+++ Material provided

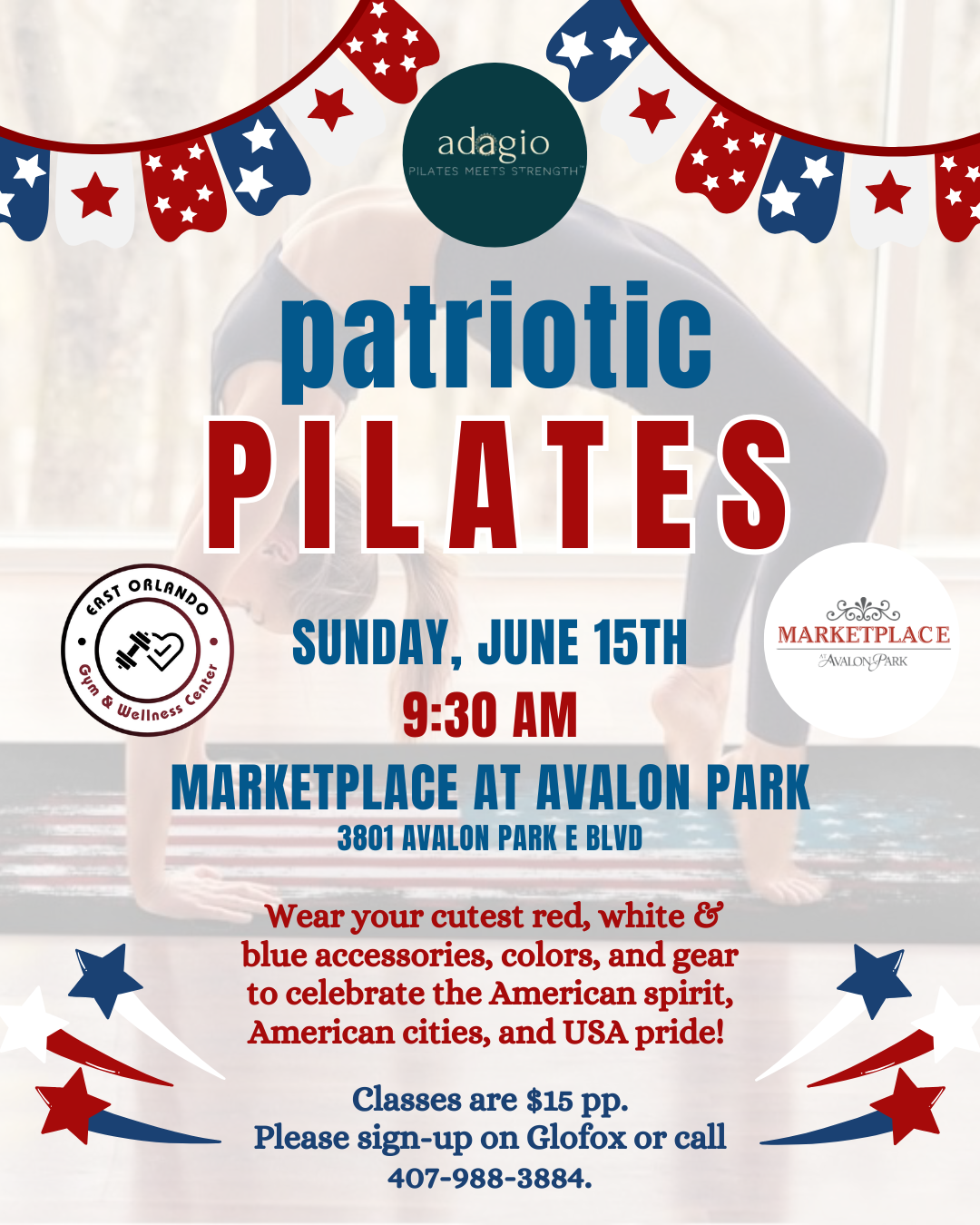 Celebrate the American spirit with movement, strength, and community at our Patriotic Pilates class, hosted by Adagio – Pilates Meets Strength in partnership with the East Orlando Gym & Wellness Center and The Marketplace at Avalon Park.
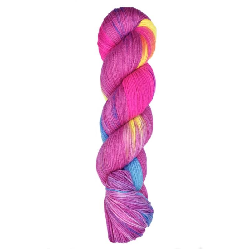 Araucania Huasco Sock Prism Paints merino yarn is where light and color converge to create a mesmerizing kaleidoscope of hues. This super fine-weight yarn, a variation of our classic Huasco Sock, features a blend of 75% superwash Merino Wool and 25% Polyamide, ensuring both softness and durability. Each 100 gram skein offers 433 yards of artisanally hand-dyed fiber, where every stitch unfolds like a prism, revealing a rainbow of colors. Perfect for shawls, socks, and cardigans, Araucania Huasco Sock Prism Paints brings a new dimension of beauty to your knitting projects. Immerse yourself in the magic of color as you knit and watch your creations come to life in vibrant splendor.
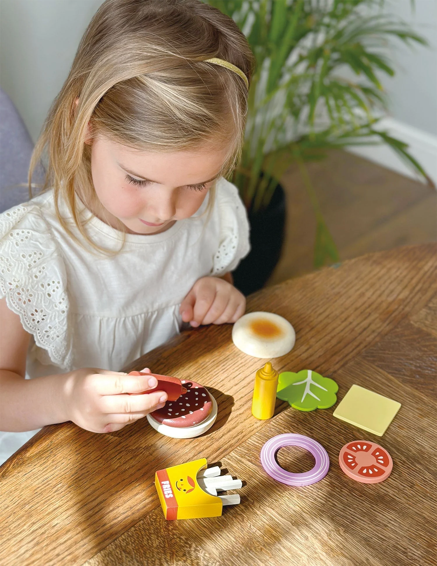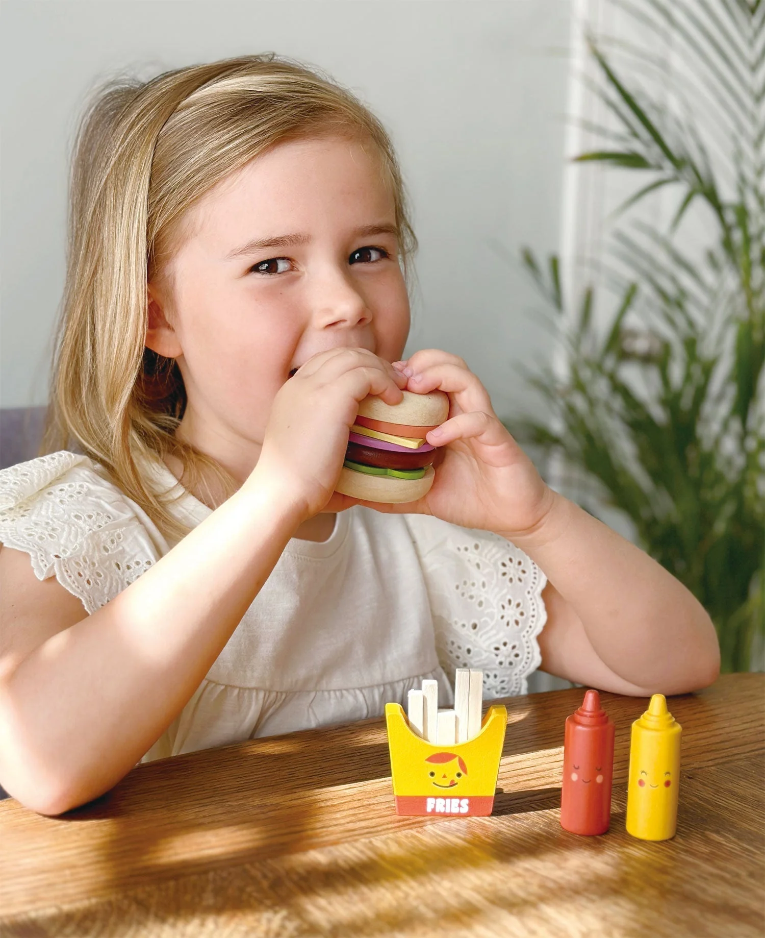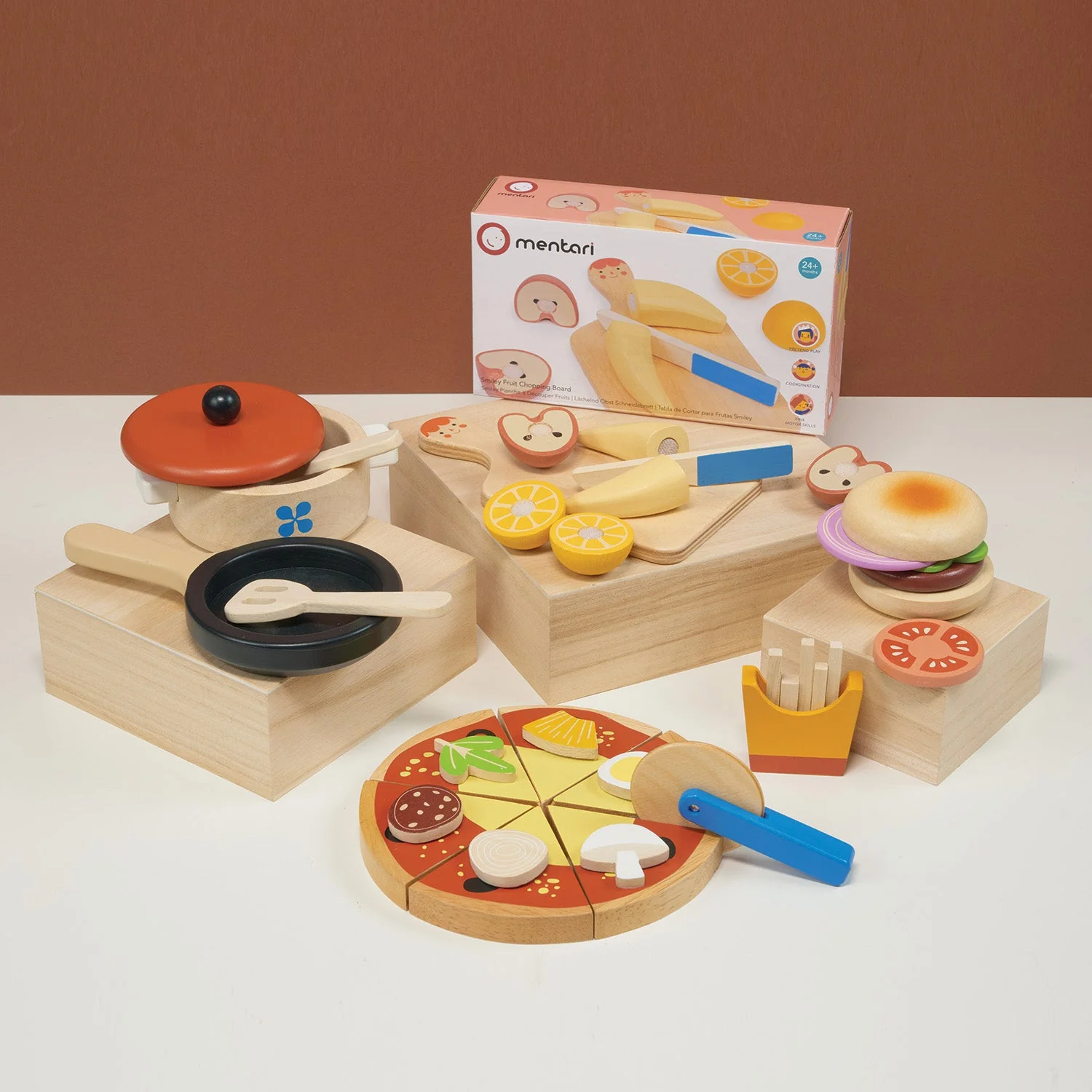 Dive into the lively world of make-believe munchies with our 'Fast Food Bundle' – an array of pretend play delights perfect for little chefs and foodies. The Casserole Pan Set gets the culinary adventure sizzling with a pot and pan, ideal for stirring imaginative recipes. Next, the Smiley Fruit Chopping Board offers a slice of fun with velcro-attached fruits that can be 'chopped' using the child-safe knife, teaching coordination and knife skills while beaming with a friendly smile. But what's fast food without a classic pizza? Our Take-Out Pizza is a feast for the eyes, a 6-portion treat kids can slice with a rotary pizza cutter and personalize with various toppings, practicing fractions and sharing as they serve up slices. The Take-Out Burger Set turns stacking into an art form, as youngsters assemble their dream burger with a selection of toppings, along with a side of fries to complete the meal. Every item in this bundle is designed for hands-on play, social interaction, and developing fine motor and cognitive skills. It's a playful journey through the flavors of fun, where every child is the star of their own fast-food franchise.
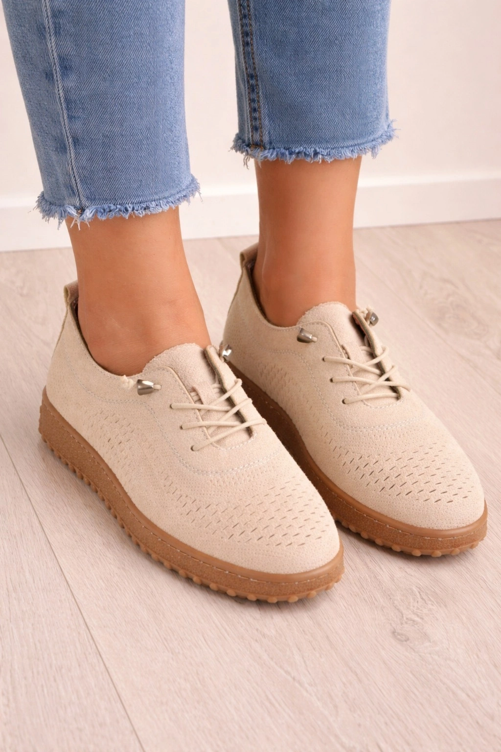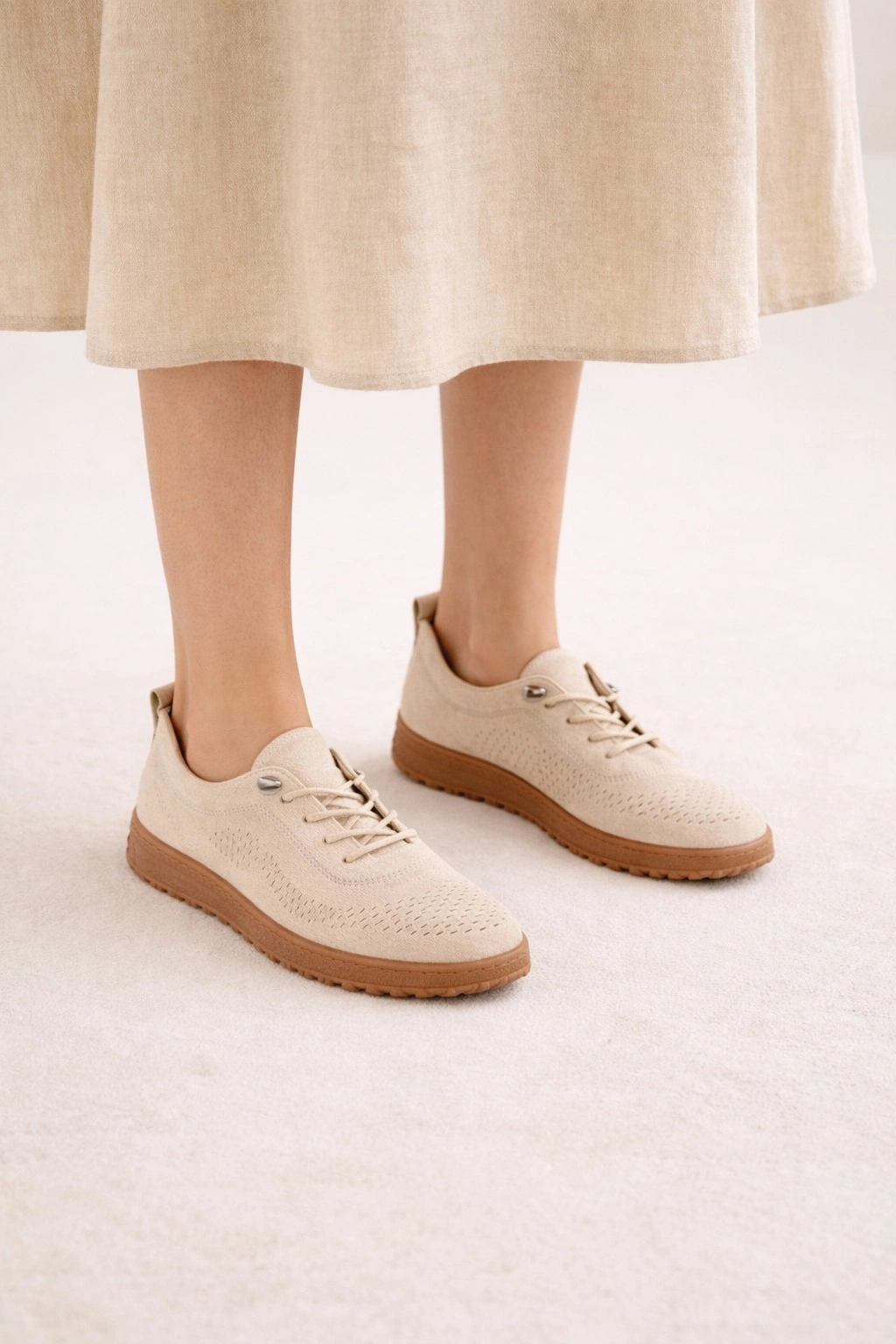 Kadın Süet Görünümlü Rahat Günlük Ayakkabı Bağcıklı
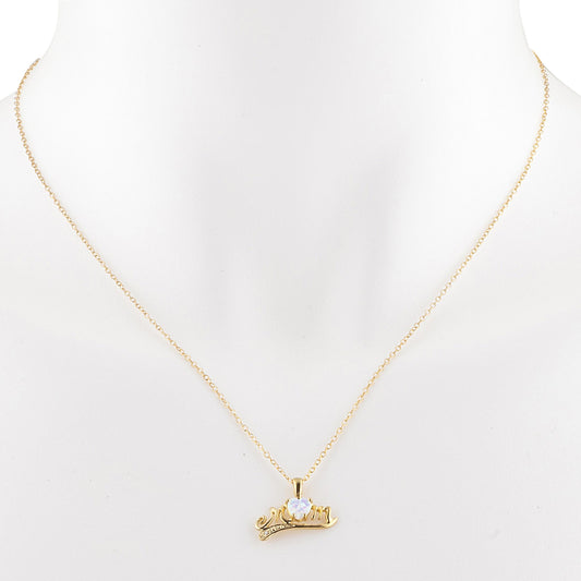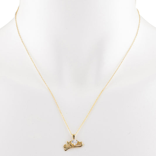 14Kt Gold Zirconia & Diamond Heart Mom Pendant Necklace
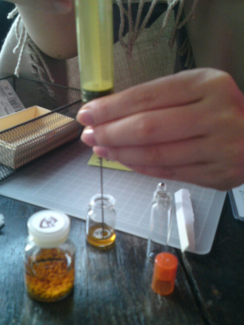 注射器を使ってml単位で足していきますが、0.5mlという微妙な単位もみなさん慎重に、しっかりと測ってくれました。
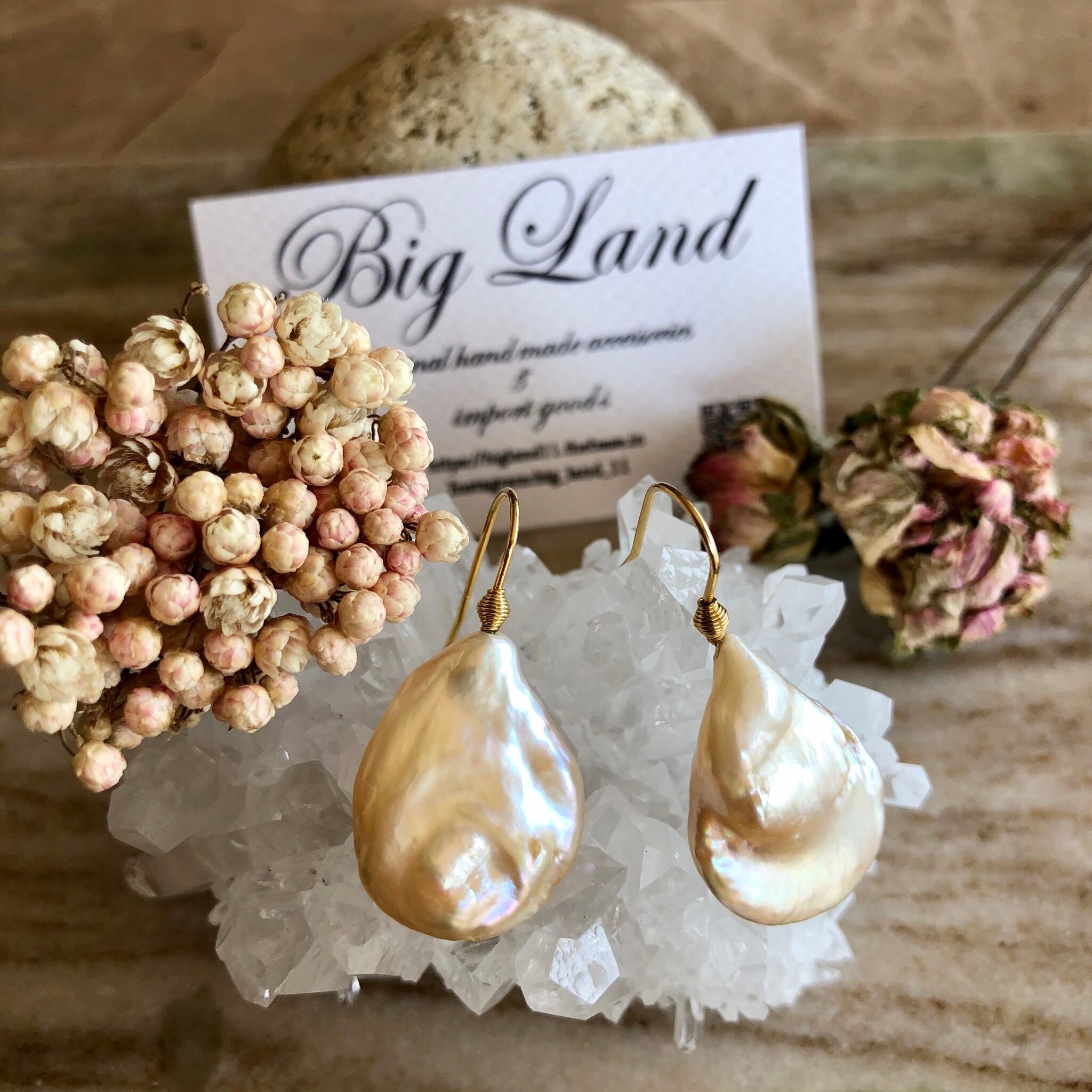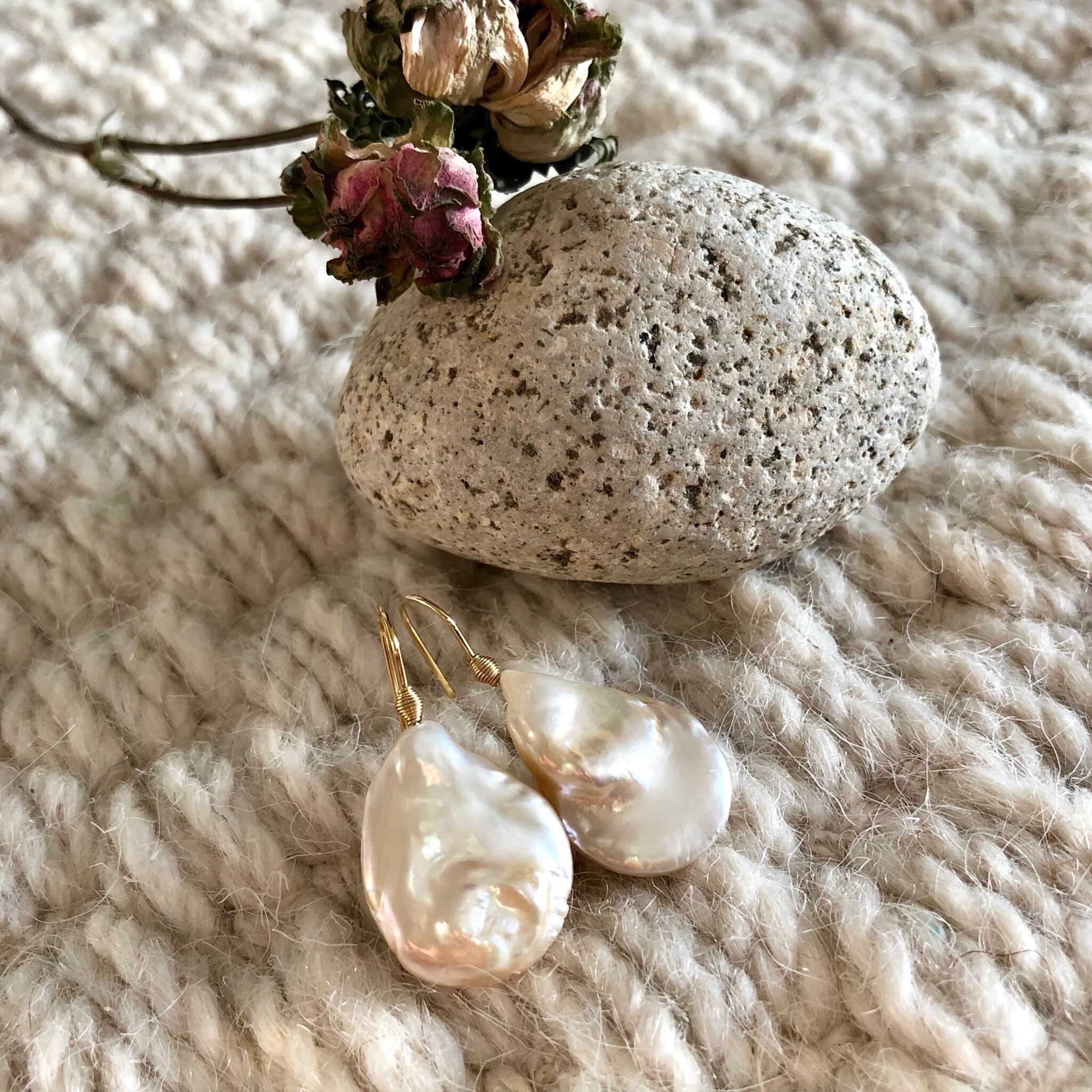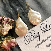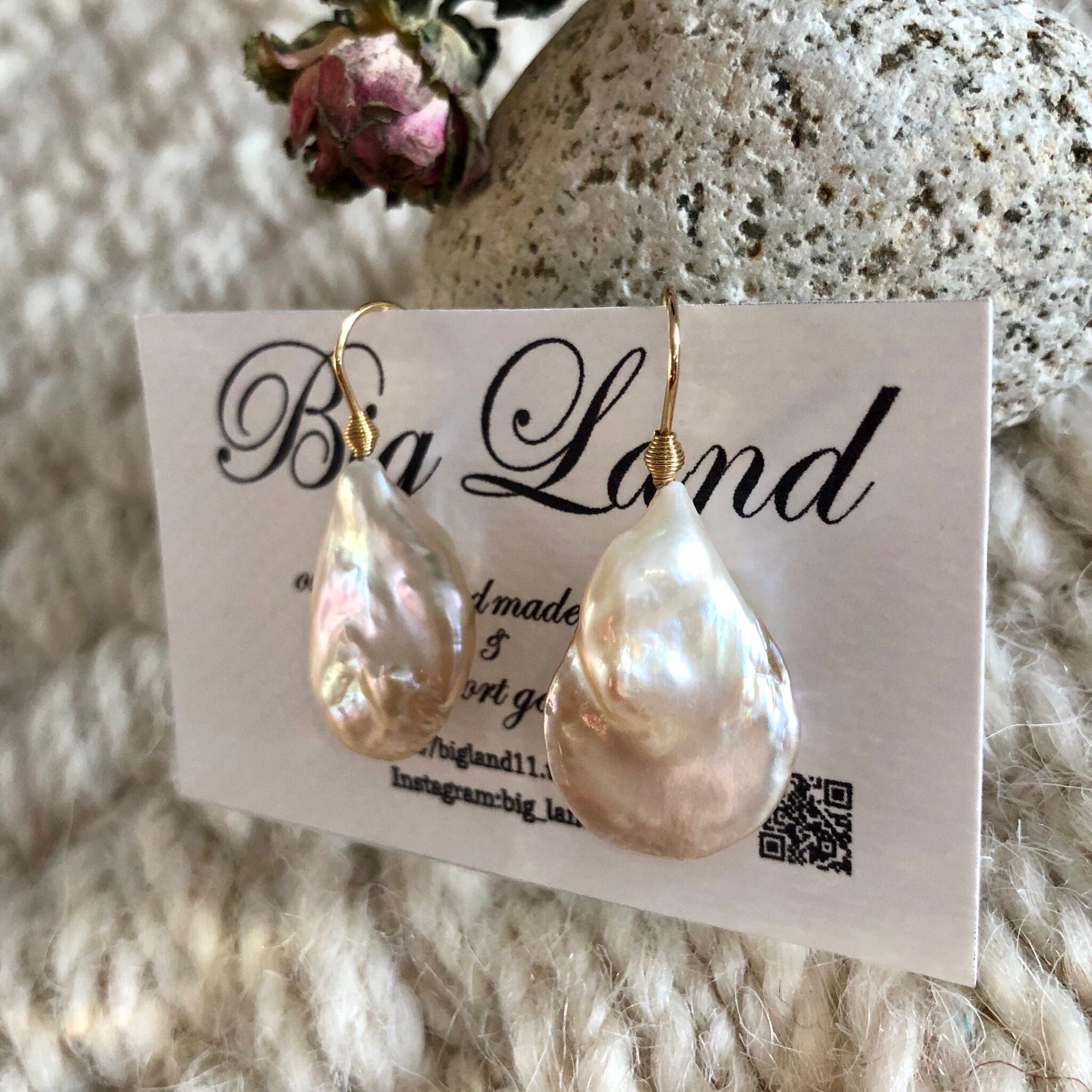 照り艶が大変美しい一点もの天然バロックパールピアス✨

++++++

How to complete this task: Pictures are not part of the answer. Restate word for word the lines from the one with "Kadın Süet Görünümlü" through the last line of the records.

Output below:
 Kadın Süet Görünümlü Rahat Günlük Ayakkabı Bağcıklı
 14Kt Gold Zirconia & Diamond Heart Mom Pendant Necklace
 注射器を使ってml単位で足していきますが、0.5mlという微妙な単位もみなさん慎重に、しっかりと測ってくれました。
 照り艶が大変美しい一点もの天然バロックパールピアス✨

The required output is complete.